**Exercise instructions**
No pictures, please. Output the lines from the start of the data through the line that contains "투썸플레이스 음료 칼로리와 알레르기 유발 성분 안내표 입니다.", both included, exactly as they stand.
--- Listed entries Enclosed Below ---
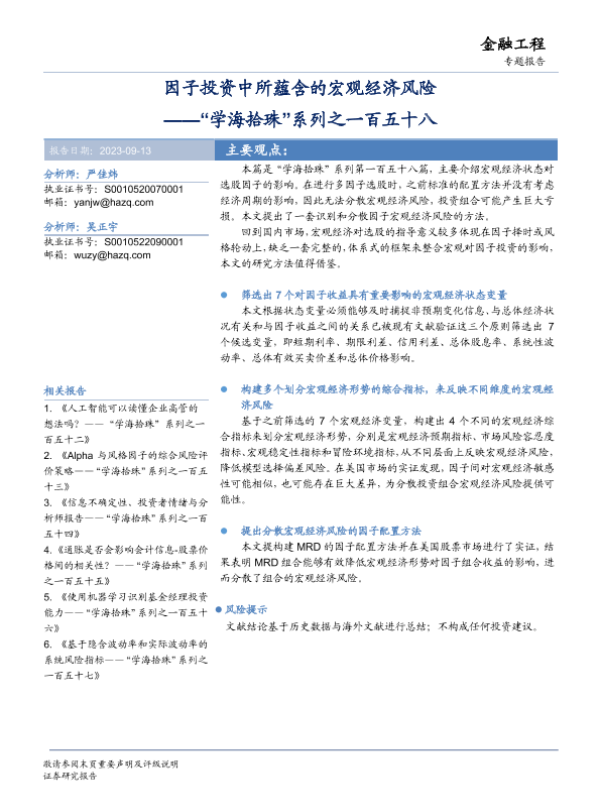 【华安证券】【20230913】因子投资中所蕴含的宏观经济风险-21页 行业研究
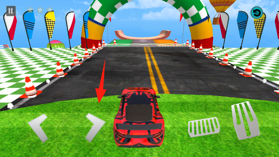 3、驾驶时,通过【箭头】指向的转向按键,操控赛车,应对特技赛道障碍。
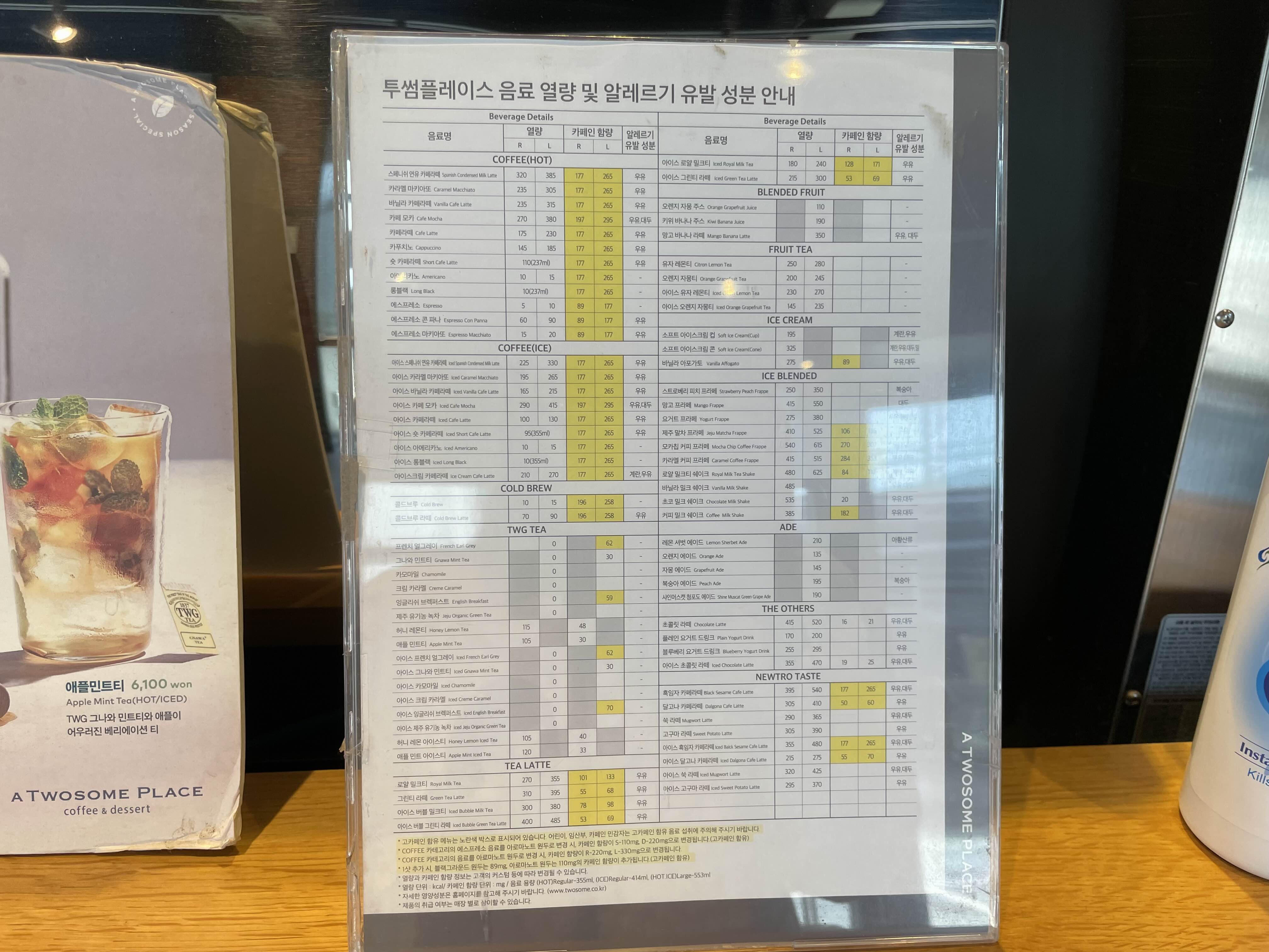 투썸플레이스 음료 칼로리와 알레르기 유발 성분 안내표 입니다.
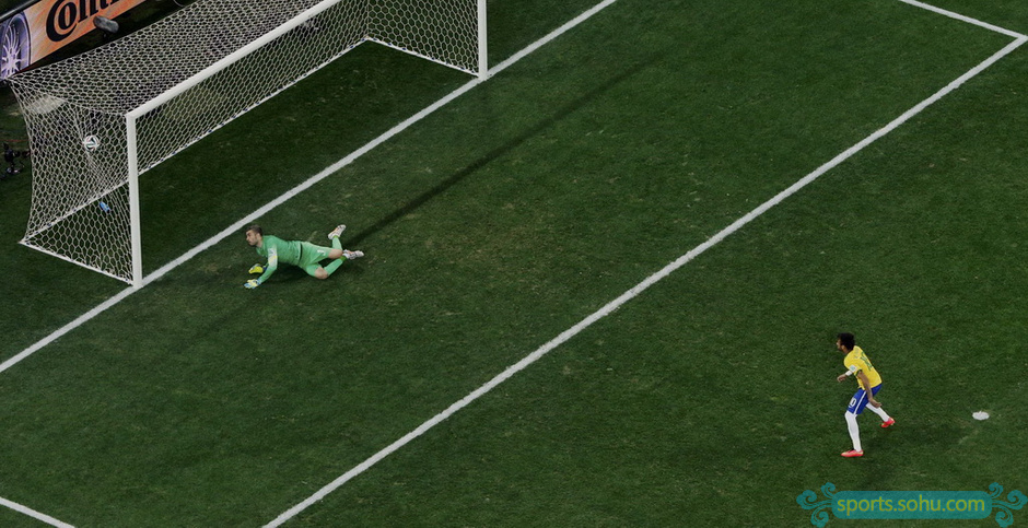 北京時間6月13日凌晨4時,2014年巴西世界杯揭幕戰(zhàn)在圣保羅競技場(科林蒂安競技場、伊塔蓋拉球場)展開,東道主巴西暫時2-1反超東歐勁旅克羅地亞。第69分鐘,奧斯卡右路低傳,弗雷德禁區(qū)內得球,洛夫倫在身后有一個并不明顯的拉扯動作,巴西前鋒應聲倒地,主裁判西村雄一順勢判罰點球,還向洛夫倫出示一張黃牌??肆_地亞球員不干了,立即圍住主裁判理論,但已經無法改變結果。內馬爾主罰的點球罰下球迷右側,普萊蒂科薩撲到皮球但仍無法阻止皮球入網,2-1,巴西逆轉比分,內馬爾梅開二度。圖為破門瞬間
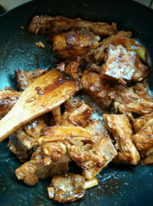 黄豆酱炒香后加入焯好的排骨一起炒。烹入一勺酱油两勺料酒。大火
--- End of Enclosed Listed entries ---
**Written reply**
 【华安证券】【20230913】因子投资中所蕴含的宏观经济风险-21页 行业研究
 3、驾驶时,通过【箭头】指向的转向按键,操控赛车,应对特技赛道障碍。
 투썸플레이스 음료 칼로리와 알레르기 유발 성분 안내표 입니다.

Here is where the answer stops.